Now, if $A$ is an invertible matrix, then its SVD is $$ A = USV^T $$
Then wouldn't it's inverse just be
$$ A^{-1} = (USV^T)^{-1} = VS^{-1}U^T $$
If the inverse is computed this way, why would it lose stability? Because of the multiplications? What am I missing?
The big issue is the condition number, which is defined as the ratio of the largest and smallest singular values. Suppose we expect: $$ S = \begin{bmatrix} 10^{-15}\\ &1 \end{bmatrix} $$ If we slightly perturb the inputs, we might end up with a nearby matrix $$ S' = \begin{bmatrix} 2 \cdot 10^{-15}\\ &1 \end{bmatrix} $$ $S'$ close to $S$, and we would consider this stable. Now suppose we want to compute the inverse using SVD.

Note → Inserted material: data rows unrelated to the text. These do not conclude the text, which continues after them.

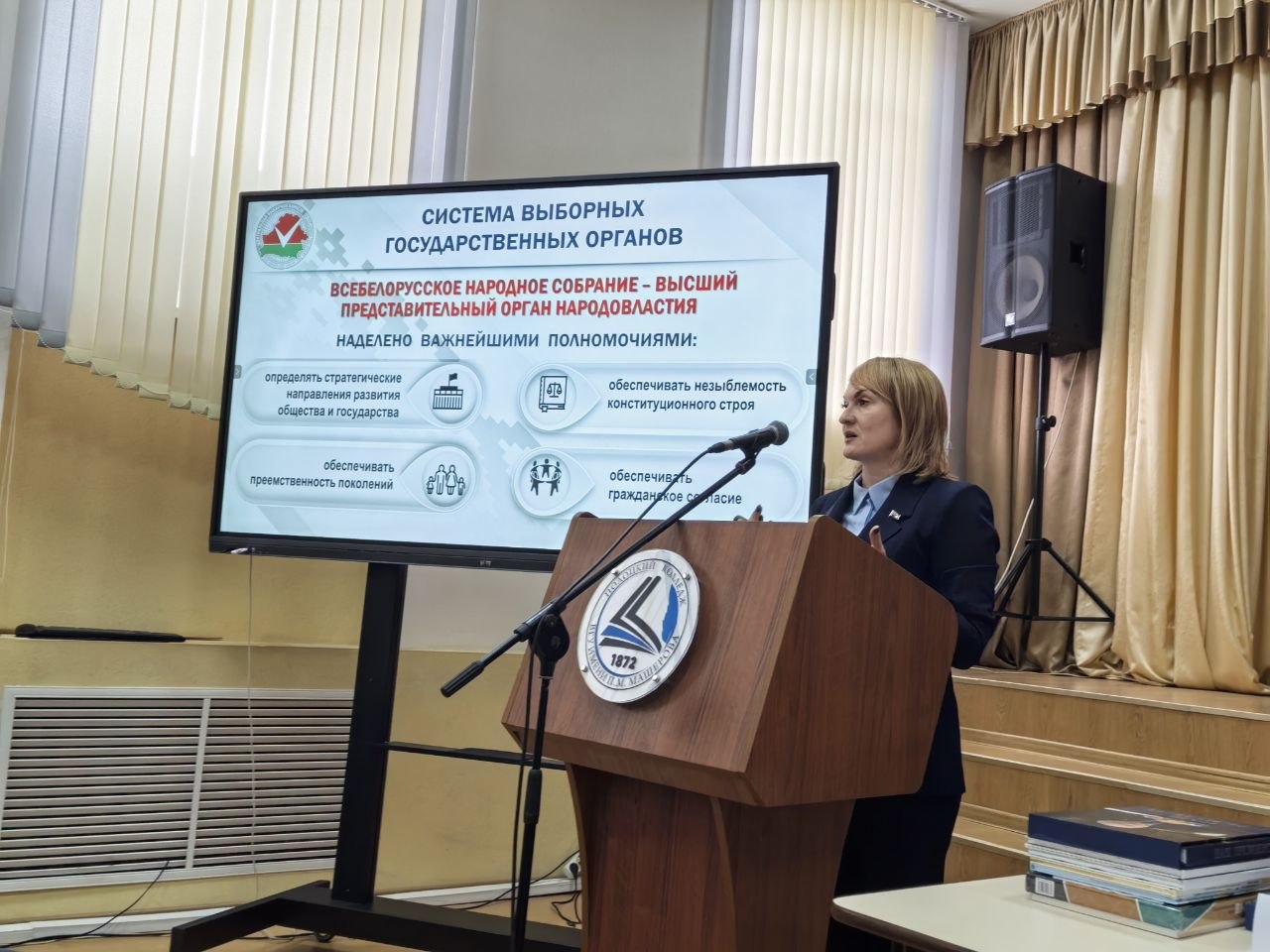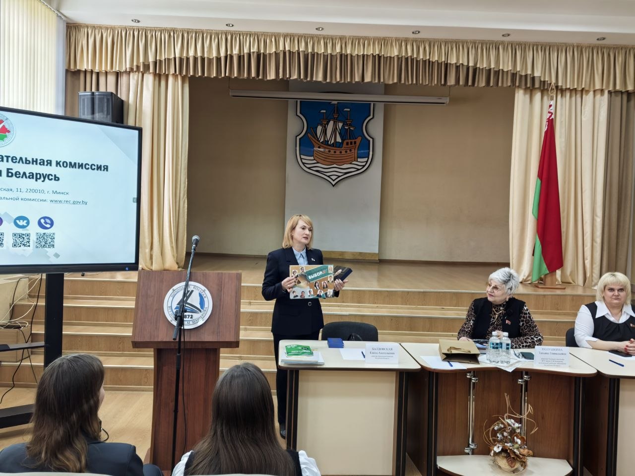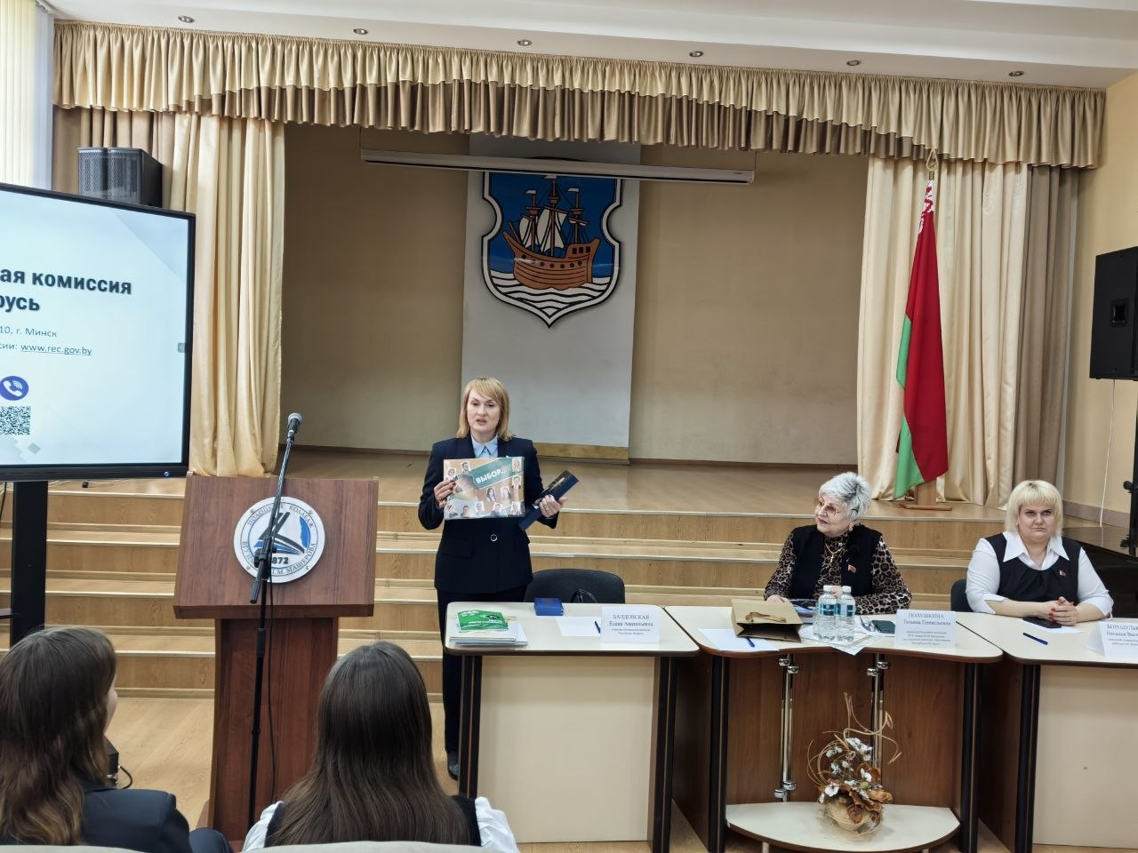17.04.2026 в Полоцком колледже ВГУ имени П.М.Машерова состоялась встреча с секретарём Центральной избирательной комиссии Республики Беларусь Еленой Анатольевной Балдовской по теме «Правовая перезагрузка: что надо знать сегодня».
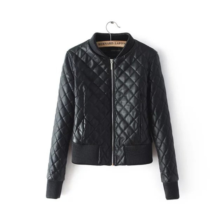 歐洲站2015冬季女裝新款外套 立領(lǐng)純色菱形褶裥加厚修身PU皮衣 女 /
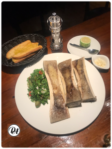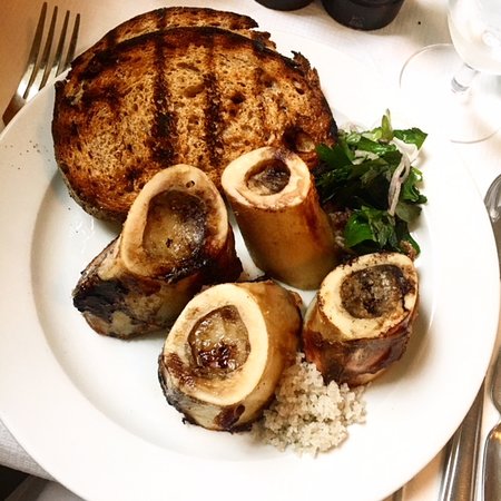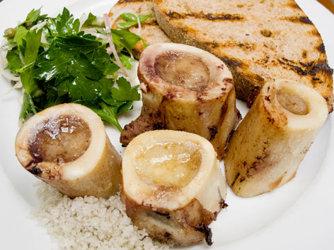 Μοσχαρίσιο μηριαίο κόκαλο . Ψημένο ψωμί αρωματισμένο διακριτικά με λάδι σκόρδου.
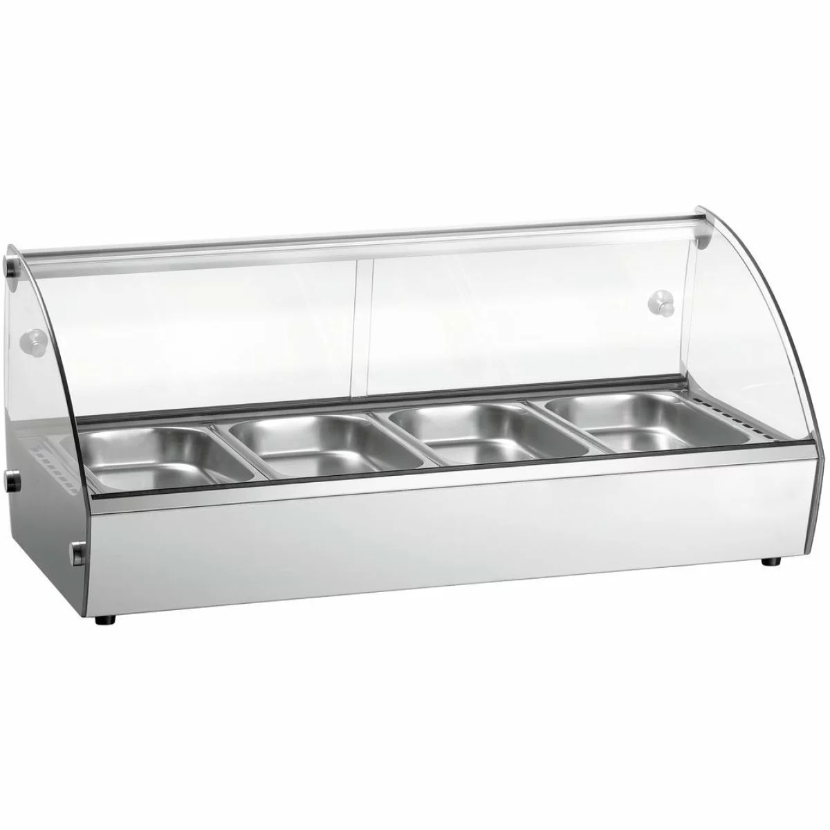 Commercial warm display merchandiser with a very stylish stainless steel design. Perfect for cafeterias, catering, concessions, convenience stores, pubs & bars, restaurants & cafés, supermarkets & delis.
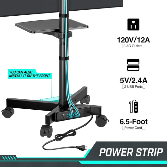 Mobile TV Cart with Power Outlet for 32-85 Inch Flat and Curved Screens Up to 132 lbs, Height Adjustable Rolling Stand with AV Shelf, Max VESA 600x400mm
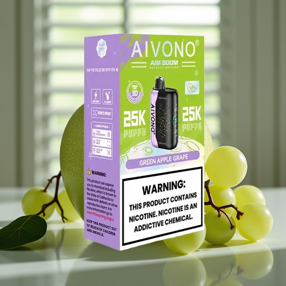 Aivono AIM BOOM 25000 Puffs 0%-5% Nikotin 28ml E-Liquid 650mAh Grøn Æble Drue
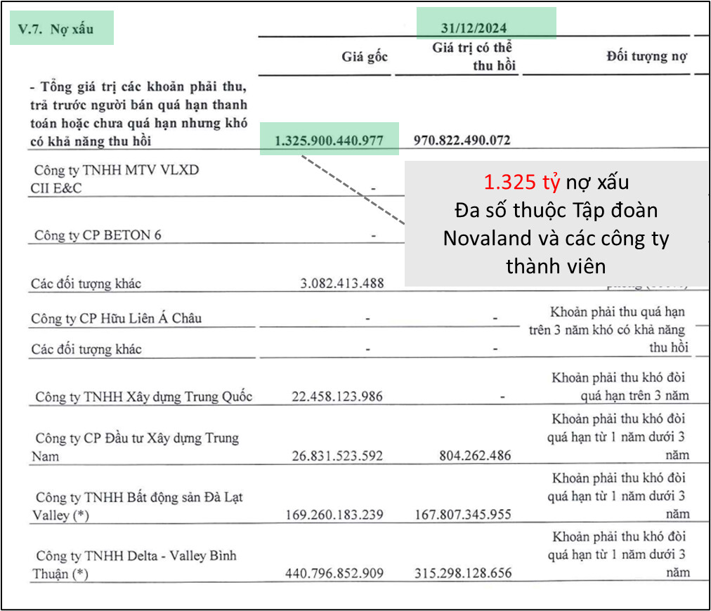 Nhưng trong thời gian đợi tiền về, thị trường bất động sản sụp đổ, NVL mất khả năng thanh toán. Tính đến cuối 2024, toàn bộ công nợ biến thành nợ xấu , quá hạn thanh toán từ 1 đến 3 năm, đã lên tới 1.325 tỷ. Đa số thuộc Tập đoàn Novaland và các công ty thành viên.
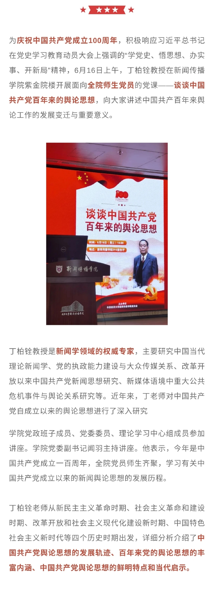 新传院组织全院党员师生听党课:谈谈中国共产党百年来的舆论思想
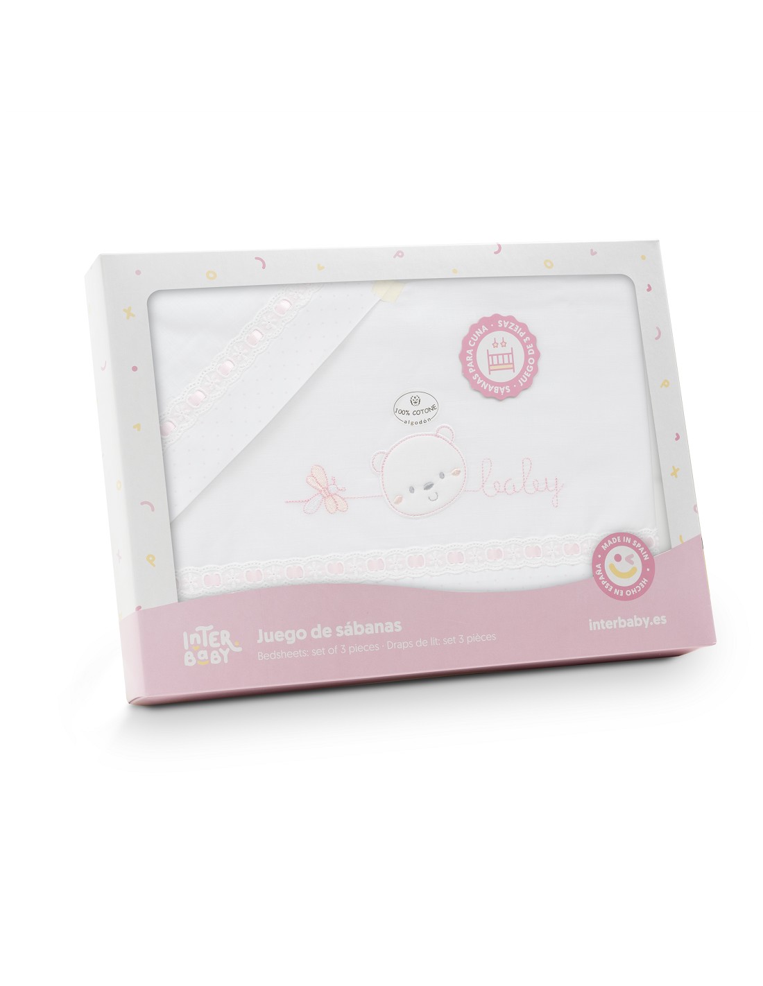 Compuesto por encimera (82 x 114 cm) , bajera (50 x 80 cm) y funda de almohada (50 x 30 cm). 100 % algodón. Lavar en frío.
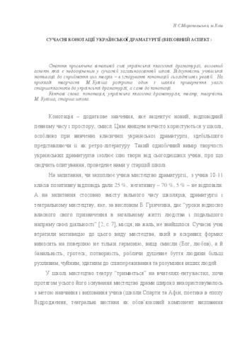 - Миропольська, Н.Є. (orcid.org/0000-0002-7469-5111) (2018) Modern connotations of Ukrainian drama (educational aspect) Особистість у просторі виховних іновацій. pp. 234-238. ISSN 978-966-2716-99-3

Notice that $$ S^{-1} = \begin{bmatrix} 10^{15}\\ & 1 \end{bmatrix}\\ S'^{-1} = \begin{bmatrix} 5 \cdot 10^{14}\\ & 1 \end{bmatrix} $$ Here the inverse of $S'$ is nothing like the inverse of $S$, and we might end up with an inverse $A'^{-1}$ which is no where near $A^{-1}$, thus is unstable.